Despite such commendable efforts, malaria yet remains a global and regional priority as it continues to kill over 400 000 people around the world yearly, the organization said.
“The theme of “End Malaria for Good” stresses the need to accelerate and sustain efforts to defeat malaria. Countries have committed to end the malaria epidemic by 2030 as one of the Sustainable Development Goals. World Malaria Day is an occasion to renew political commitment and continue investment for malaria prevention and control.

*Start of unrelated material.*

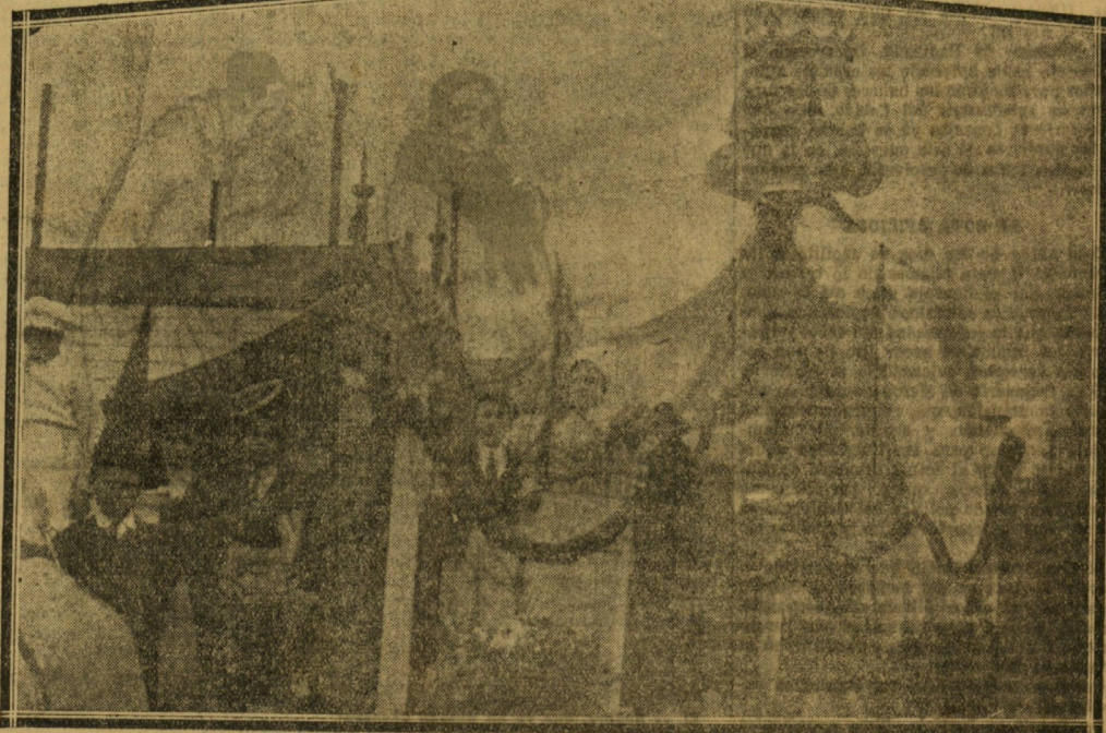
La carroza de "Euskal-Billera", presidida por una bellísima señorita, erigida en esta del Carnaval..

Llegada la hora, penetraron en el comedor, en animados grupos, encantadoras muchachas lujosamente ataviadas, que iban en compañía de sus familias y conocidos, tomando asiento en las coho largas mesas dispuestas para la cena. La presidencia la ocuparon el alcalde señor Azcona, el presidente del Círculo señor Pérez Egea y varios individuos de la Directiva. La fría etiqueta de los primeros momentos, fué prontamente eclipsada por la franca y jovial alegría, que lleva siempre como singular característica la juventud y más cuando entre varón y varón se intercalan señoritas de hermosura incomparable, dispuestas a bailar y divertirse.

“The African Region has made significant progress in the fight against malaria. The 2016 World Malaria Report shows that between 2010 – 2015, the estimated new cases of malaria in the Region had dropped by 23%, and deaths from malaria were down by 31%. The African Region had also prevented the most deaths (94%): of the estimated 6.8 million fewer malaria deaths between 2001 and 2015, about 6.6 million (97%) were children aged under 5 years.
“This achievement reflects the extraordinary commitment of individuals, families and communities, health care workers, national authorities and partners to change behavior, scale up cost-effective prevention and to manage patients. A critical strategy to prevent malaria has been increased use of insecticide-treated nets and indoor spraying with insecticides.
“The results of this accelerated prevention are impressive. We know from the 2016 World Malaria Report that over the last five years across sub-Saharan Africa, nearly double the population at risk of malaria are now sleeping under insecticide-treated nets. Diagnostic testing for children has increased sharply by 77%, and preventive treatment for pregnant woman increased five-fold in 20 African countries,” said WHO.
Meanwhile, the United State Government yesterday advocated increased testing for malaria before drug administration or treatment.
At the commemoration of the day at the US Embassy in Abuja, the US Government said each year in Nigeria, more than 80 million people fall ill and 300,000 die from malaria.
Deputy Chief of Mission at the Embassy, David Young, said: “Ending malaria will increase school attendance, boost worker productivity and significantly lower out-of-pocket cost for treatment. This is why malaria prevention and control remain a major U.S. foreign assistance objective.”
According to him, early and accurate diagnosis is essential for rapid and effective disease management and surveillance. He stressed that malaria diagnosis is vital while misdiagnosis allows disease progression from uncomplicated to severe forms, resulting in significant morbidity and mortality.
The Embassy noted that the national guideline for the diagnosis and treatment of malaria recommended prompt diagnosis either by microscopy or malaria Rapid Diagnostic Test (mRDT) before treatment using first-line Artemisinin Based Combination Therapy (ACT) is administered. “Itimproves overall management of patients with febrile illnesses, and helps reduce the emergence and spread of drug resistance to anti-malarial medications.
“The U.S. Government supports local partners to design and implement programs to improve public and private sector adherence to diagnosis and treatment guidelines. With an investment of over $420 million in Nigeria since 2010 and $75 million in 2016 alone, PMI delivered nearly 7.5 million RDTs and 12 million ACT treatment doses in support to 3,000 health facilities across 11 states in Nigeria.
“To end malaria for good, the Deputy Chief of Mission, David J. Young, has made a call to Nigerians, to commit to sleeping in a treated bed net every night; to remember that not every fever is malaria and demand a “test before treatment”, before beginning a full regimen of Artemisinin Based Combination therapy,” the Embassy stressed.